When he was a child, Soetjipto lived in Krian and studied at a European primary school in Mojokerto. His realization of his homosexuality began in 1919 after an encounter with a Dutch man on the street. When Soetjipto dropped his handkerchief, the man picked it up for him, leaving Soetjipto feeling suddenly infatuated and confused. Later, they met again by chance while Soetjipto was attending a Wayang orang performance. Because Soetjipto's clothes were wet from the rain, the man invited him to his house to change. At the man's house, they had sex, and Soetjipto considered him his first love. After his lover left Situbondo, Soetjipto ran away from home around the age of 15 due to family conflicts unrelated to his sexuality. He travelled to Surabaya and lived as a homeless youth. He had a relationship with a Dutchman, and when that ended, he turned to sex work and became selective about the groups of people with whom he associated.
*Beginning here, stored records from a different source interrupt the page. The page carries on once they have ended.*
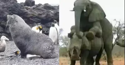 #動物惡霸,南極海豹先強迫帝企鵝然後吃掉,非洲雄象壓迫犀牛致死!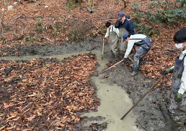私たちは、令和6年12月から月1回、モリアオガエルの調査に取り組んでいます。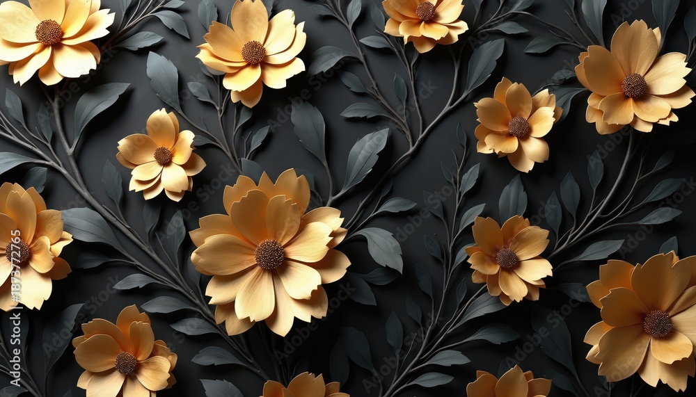 Golden yellow flowers with dark grey leaves on black backgro Wallpaper

In his autobiography Djalan Sampoerna, Sutjipto also held a view that divided men into four types:

- men who like women,
- men who like men,
- men who have sex with men for money but actually like women, and
- men who like men and act like women.

== Autobiographical manuscript ==
His autobiography was found in the 1970s, by Ulrich Kratz, researcher for traditional malay in the National Library of Indonesia. This book was part of a collection from the personal collection of Hans Overbeck. After Overbeck's death in 1942, his extensive collection of papers and manuscripts was scattered. It was found within the Indonesische Handschriften catalog, a collection compiled by Poerbatjaraka. Tom Boellstorff hypothesized that Hans may have been Soetjipto's lover, which would explain why Hans owned the personal book.

Benedict Anderson regarded him as a gifted writer.